• ACTION ITEM
Keep to one stretch of the data below, the lines from the one with "Багатофункціональна зарядна станція" up to and including the one with "Text: Draw near", and return that stretch exactly.

• DATASET ENTRIES
+ + + + + + +
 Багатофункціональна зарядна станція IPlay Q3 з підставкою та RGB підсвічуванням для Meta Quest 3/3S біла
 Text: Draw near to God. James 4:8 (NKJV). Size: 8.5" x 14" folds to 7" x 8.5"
+ + + + + + +
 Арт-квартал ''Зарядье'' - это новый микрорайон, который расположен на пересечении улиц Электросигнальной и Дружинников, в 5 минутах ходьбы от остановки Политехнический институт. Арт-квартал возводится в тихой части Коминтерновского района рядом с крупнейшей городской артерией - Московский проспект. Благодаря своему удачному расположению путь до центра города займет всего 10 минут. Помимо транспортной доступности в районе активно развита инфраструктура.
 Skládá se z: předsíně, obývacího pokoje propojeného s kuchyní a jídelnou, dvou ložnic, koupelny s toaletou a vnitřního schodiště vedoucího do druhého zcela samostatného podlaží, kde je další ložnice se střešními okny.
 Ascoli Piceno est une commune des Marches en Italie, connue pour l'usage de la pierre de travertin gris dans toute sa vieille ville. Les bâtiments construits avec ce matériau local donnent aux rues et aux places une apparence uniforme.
+ + + + + + +
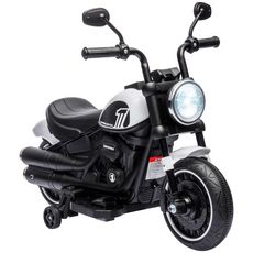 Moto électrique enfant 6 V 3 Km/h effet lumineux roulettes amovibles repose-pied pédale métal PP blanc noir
+ + + + + + +
• RESPONSE AREA
 Багатофункціональна зарядна станція IPlay Q3 з підставкою та RGB підсвічуванням для Meta Quest 3/3S біла
 Text: Draw near to God. James 4:8 (NKJV). Size: 8.5" x 14" folds to 7" x 8.5"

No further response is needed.